I’ve taken a lot of the background for this from Guy Deutscher’s The Unfolding of Language. I highly recommend it. I mean, it’s great as hell and when you read it you’ll be intellectually masturbating like a motherfucker.

Don’t see the similarity. One has deep historical and painful roots, the other does not. But I do agree that “cunt” is more or less acceptable in the pub in the UK, whereas here, it is an abomination only effectually uttered by a man towards a woman, a step up from “bitch”. I would say that “cunt” could be replaced with “cunt-whore” and is likely equivalent to “whore-dog-bitch” which is more common in the Southern US.

I agree. If it’s not extreme or shocking today, it’s because it’s been used so much; and the reason it’s been used so much is because it is, or at least was for a long time, one of the most intense “bad words” most people know.

I see that Wikipedia has a page on the word.

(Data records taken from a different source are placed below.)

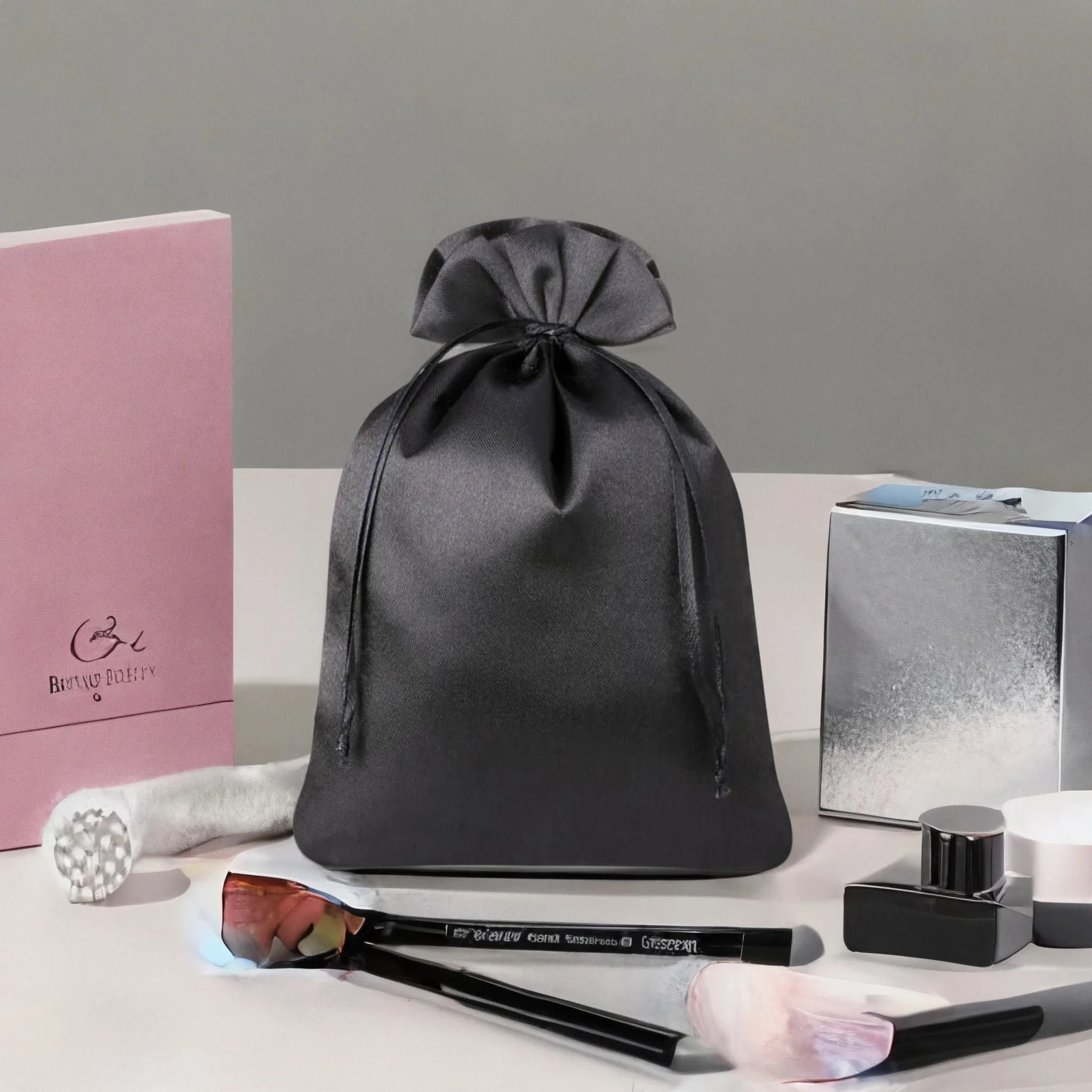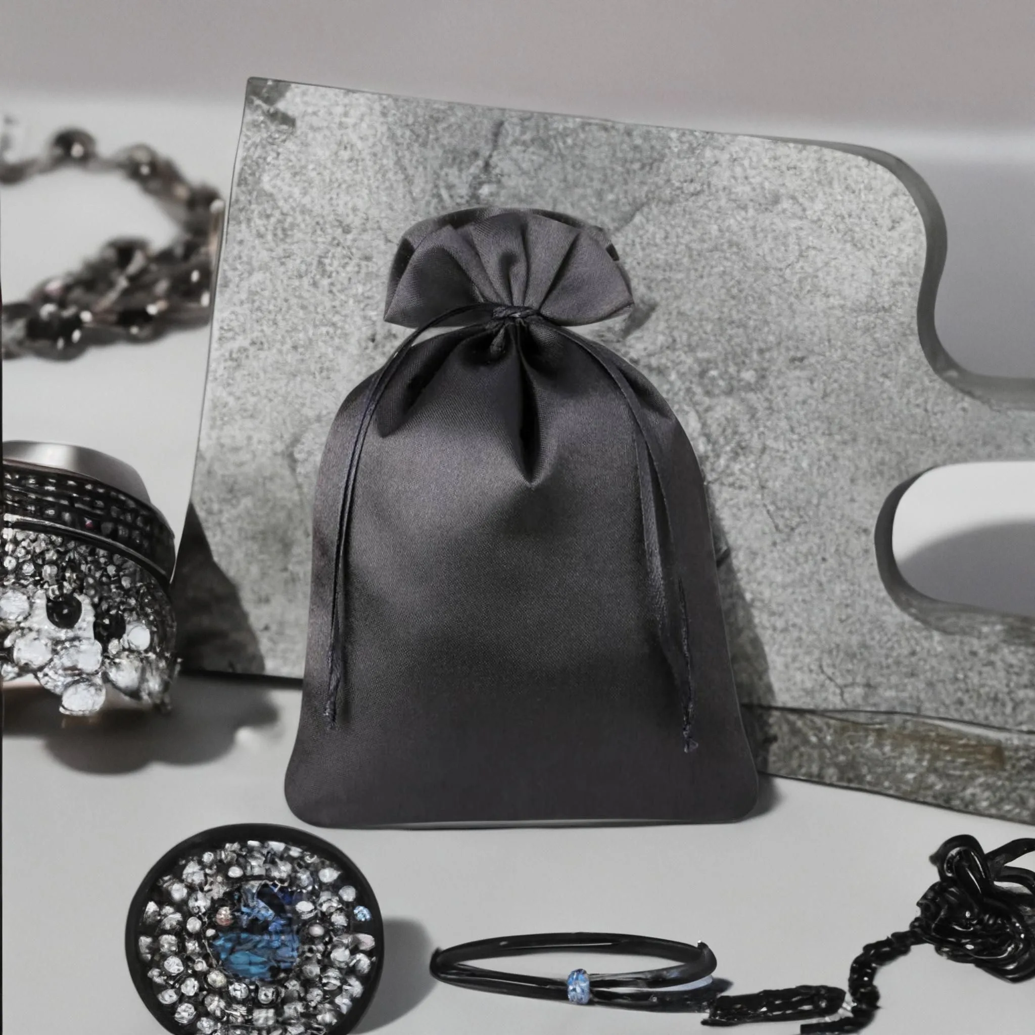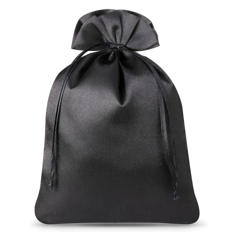 Pakiet 5 sztuk ozdobnych woreczków satynowych o wymiarach 15 x 20 cm w kolorze czarnym.
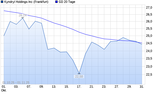 Mit dem Rücksetzer auf 24,43 EUR hat die Kyndryl Holdings-Aktie am 31.10.2025 die 20-Tage-Linie nach unten gekreuzt.
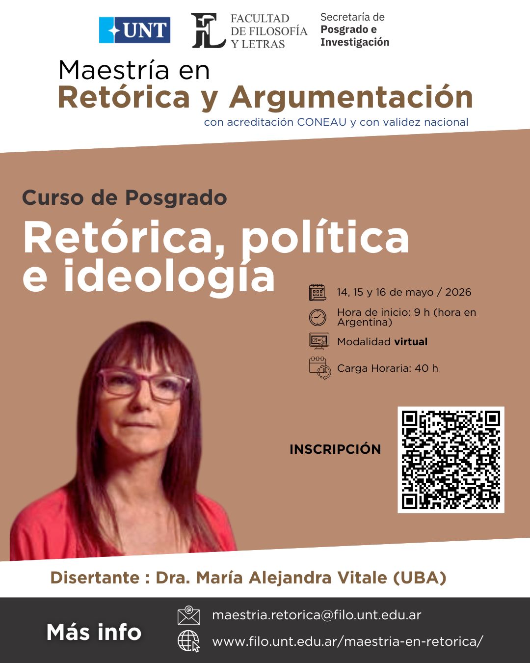 La Maestría en Retórica y Argumentación invita al Curso de posgrado "Retórica, política e ideología" a cargo de la Dra. María Alejandra Vitale (UBA)

Thread title edited to better indicate subject.

Colibri
General Questions Moderator

No, cunt can apply to anything in Britain, and can be modulated with variations, such as: “That cuntish, cunty, cunting, cunted cunt.”, all in the Oxford English Dictionary.

Mostly though it’s said singly under one’s breath when annoyed with someone.

“Cunt” is not thrown around lightly here.

A long time ago certain ladies decided that “those are the two I’m not going to say. I don’t mind ‘fuck’ and ‘shit’, but P and C are out!”